▶ _Goal of the exercise_
The line with "再來就是以下地點會展示映畫主要演員們在映畫裡穿的服裝。", the line with "旅先での石拾い経験をもとにシ", and all lines between them in the material below: return these exactly, and no others.

▶ _Exercise data_
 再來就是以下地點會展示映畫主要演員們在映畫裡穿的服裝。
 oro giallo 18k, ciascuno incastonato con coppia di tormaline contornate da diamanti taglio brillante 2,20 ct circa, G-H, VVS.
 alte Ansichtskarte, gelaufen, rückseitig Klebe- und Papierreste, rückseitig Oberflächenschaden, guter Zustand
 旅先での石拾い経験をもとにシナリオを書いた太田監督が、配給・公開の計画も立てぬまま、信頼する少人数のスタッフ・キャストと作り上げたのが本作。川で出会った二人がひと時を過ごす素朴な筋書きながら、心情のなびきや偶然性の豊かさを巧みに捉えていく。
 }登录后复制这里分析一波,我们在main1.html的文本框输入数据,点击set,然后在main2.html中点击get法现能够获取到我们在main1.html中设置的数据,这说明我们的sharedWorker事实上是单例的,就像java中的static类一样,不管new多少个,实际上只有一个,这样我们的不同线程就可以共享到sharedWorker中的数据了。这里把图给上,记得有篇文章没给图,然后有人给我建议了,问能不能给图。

---

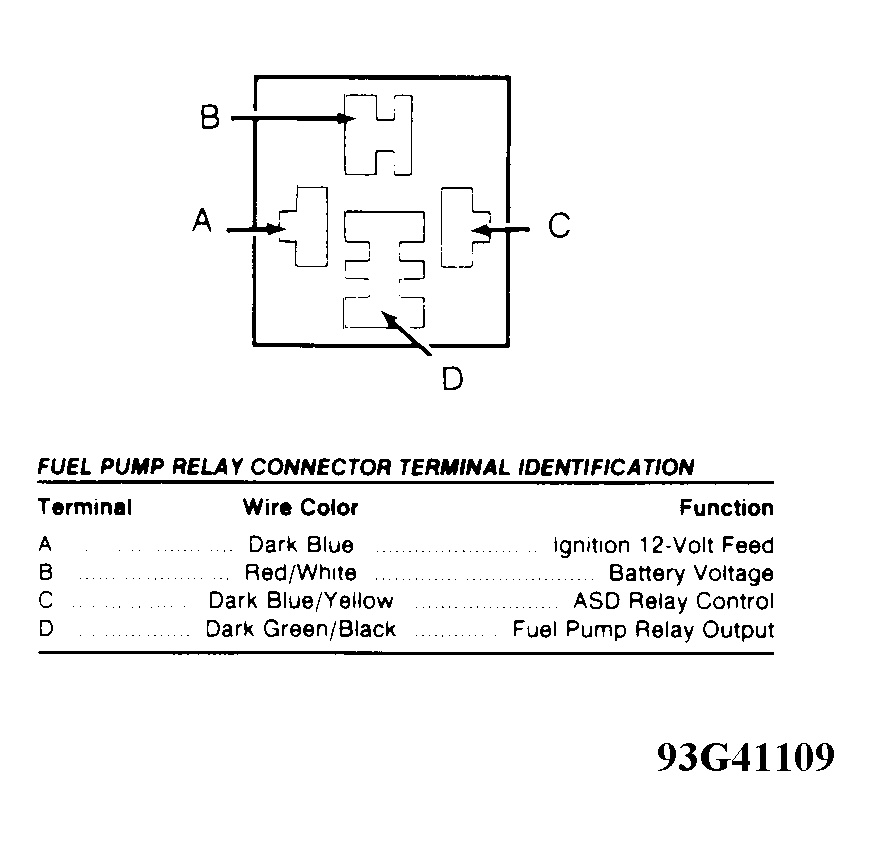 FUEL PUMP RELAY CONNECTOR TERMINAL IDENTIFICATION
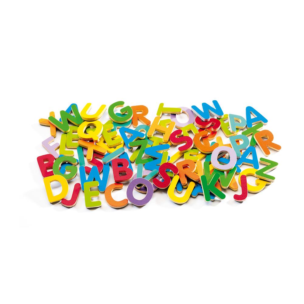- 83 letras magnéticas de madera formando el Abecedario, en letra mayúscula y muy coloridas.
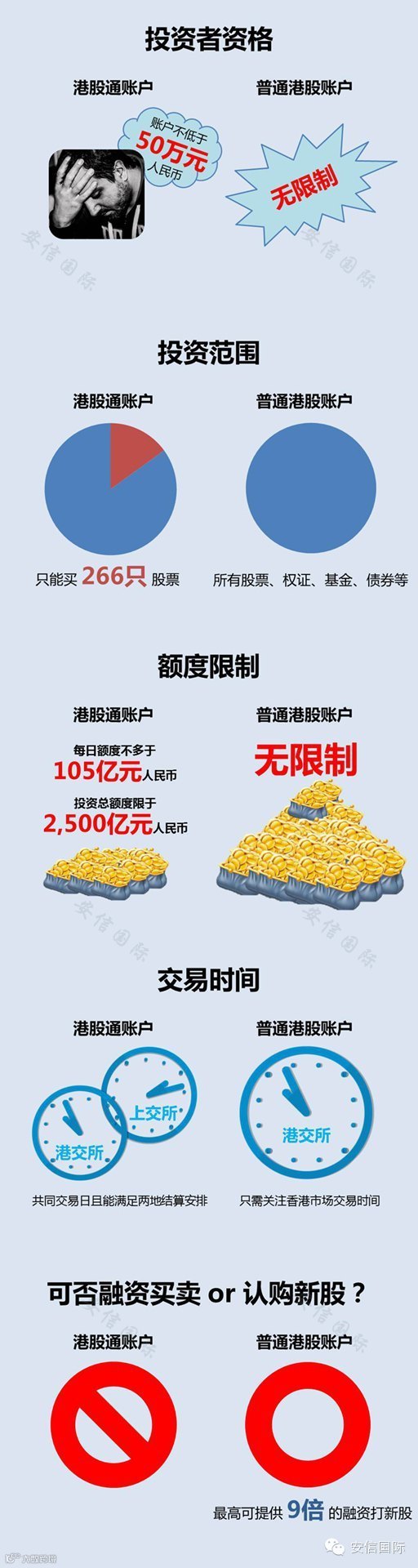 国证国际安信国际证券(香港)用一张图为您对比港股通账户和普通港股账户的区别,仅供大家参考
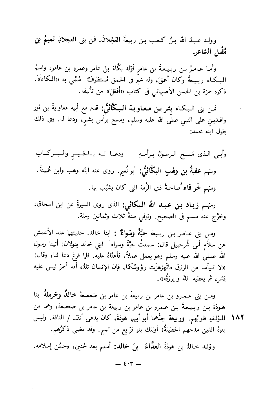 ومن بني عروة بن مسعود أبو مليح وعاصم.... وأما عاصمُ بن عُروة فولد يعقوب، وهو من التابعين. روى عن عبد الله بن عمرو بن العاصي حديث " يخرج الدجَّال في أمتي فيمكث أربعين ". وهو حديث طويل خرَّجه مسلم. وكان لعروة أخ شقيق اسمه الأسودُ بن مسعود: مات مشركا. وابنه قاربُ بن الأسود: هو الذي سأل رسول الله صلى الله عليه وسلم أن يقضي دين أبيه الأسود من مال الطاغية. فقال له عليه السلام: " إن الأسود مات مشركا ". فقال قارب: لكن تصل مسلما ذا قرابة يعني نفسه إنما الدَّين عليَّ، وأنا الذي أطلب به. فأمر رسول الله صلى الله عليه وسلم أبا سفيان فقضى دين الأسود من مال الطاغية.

▶ _Answer box_
 再來就是以下地點會展示映畫主要演員們在映畫裡穿的服裝。
 oro giallo 18k, ciascuno incastonato con coppia di tormaline contornate da diamanti taglio brillante 2,20 ct circa, G-H, VVS.
 alte Ansichtskarte, gelaufen, rückseitig Klebe- und Papierreste, rückseitig Oberflächenschaden, guter Zustand
 旅先での石拾い経験をもとにシナリオを書いた太田監督が、配給・公開の計画も立てぬまま、信頼する少人数のスタッフ・キャストと作り上げたのが本作。川で出会った二人がひと時を過ごす素朴な筋書きながら、心情のなびきや偶然性の豊かさを巧みに捉えていく。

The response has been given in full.